For the week ending, May 25, new claims dropped by a seasonally adjusted 12,000 to 410,000, the lowest level since March 16, the Labor Department reported Thursday. Claims fell by 3,000 the week before.

The more stable four-week moving average of new claims, which smoothes out weekly fluctuations, also fell last week to 418,500.

Although fewer Americans filed new applications, the level of claims continues to be high, a sign that the jobs market remains sluggish.

Even if companies reduce the speed at which they lay off workers, the jobless rate will keep rising if companies are reluctant to hire employees back.

The nation's unemployment rate jumped to 6 percent in April — the highest in nearly eight years — as jobseekers streamed back into the market faster than companies added new positions.

Many economists predict the unemployment rate will rise as high as 6.5 percent by June.

Companies — whose revenues and profits took a hit during the slump — are worried about the recovery's staying power and are reluctant to quickly hire back workers, crank up spending and make other big commitments until they are convinced the turnaround is for real, economists said.

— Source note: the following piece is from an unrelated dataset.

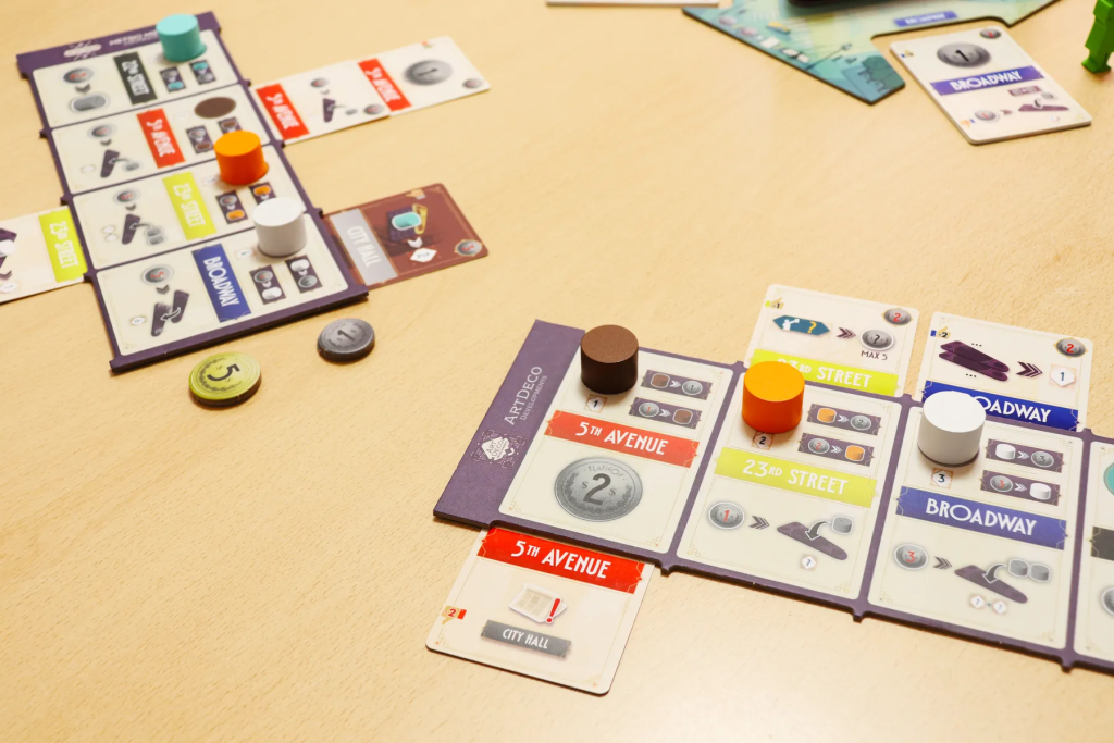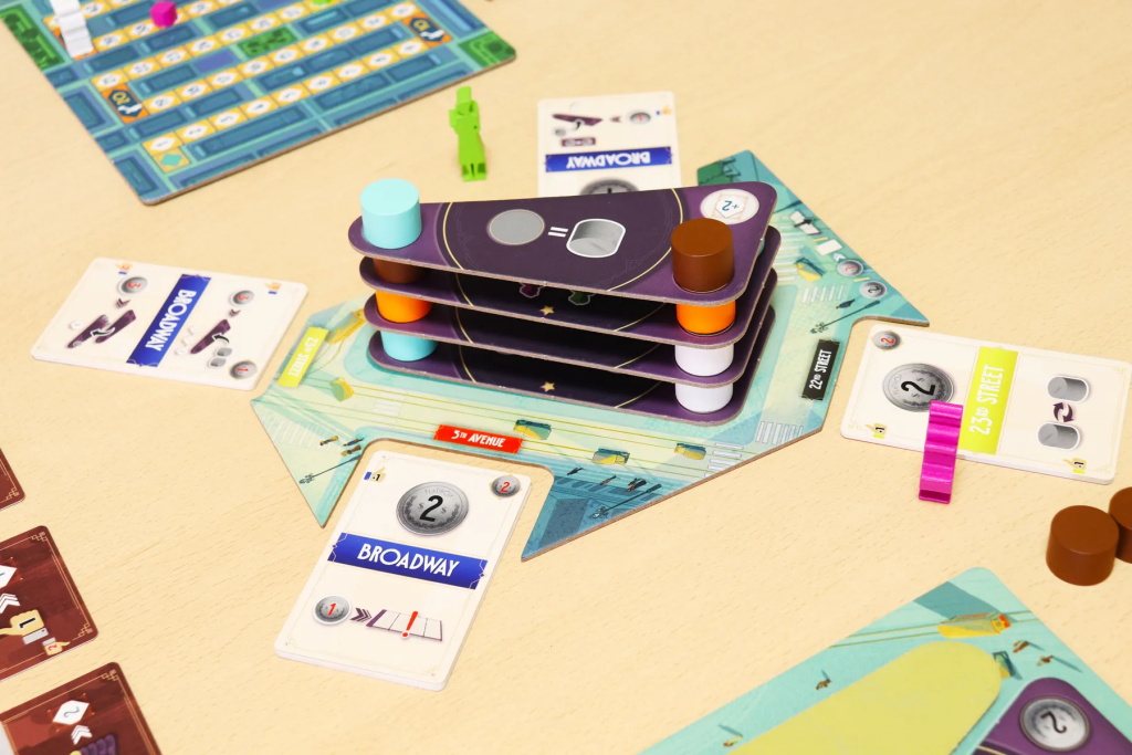 Chaque joueur possède un plateau personnel divisé en quatre colonnes, représentant les rues autour du chantier du Flatiron. Ces colonnes accueillent des cartes glissées les unes sous les autres, créant un moteur de plus en plus puissant.

Thursday's report also showed that the number of unemployed workers continuing to draw jobless benefits rose to 3.89 million for the week ending May 18. That was the highest level since Jan. 15, 1983.

That suggests that laid-off workers are still having trouble finding a job.

Citing uncertainties about the vitality of the unfolding economic recovery, the Federal Reserve earlier this month decided to leave short-term interest rates unchanged at 40-year lows.

The specter of rising unemployment, along with the belief that consumers — who kept buying throughout last year's recession, won't have a lot of pent-up demand coming out of it — were factors in the Fed policy-makers' decision to hold rates steady. Many economists predict the Fed will leave rates unchanged through the summer.

Low rates might motivate consumers, whose spending accounts for two-thirds of all economic activity in the United States, to keep on spending and businesses to step up investment, thus helping along the recovery.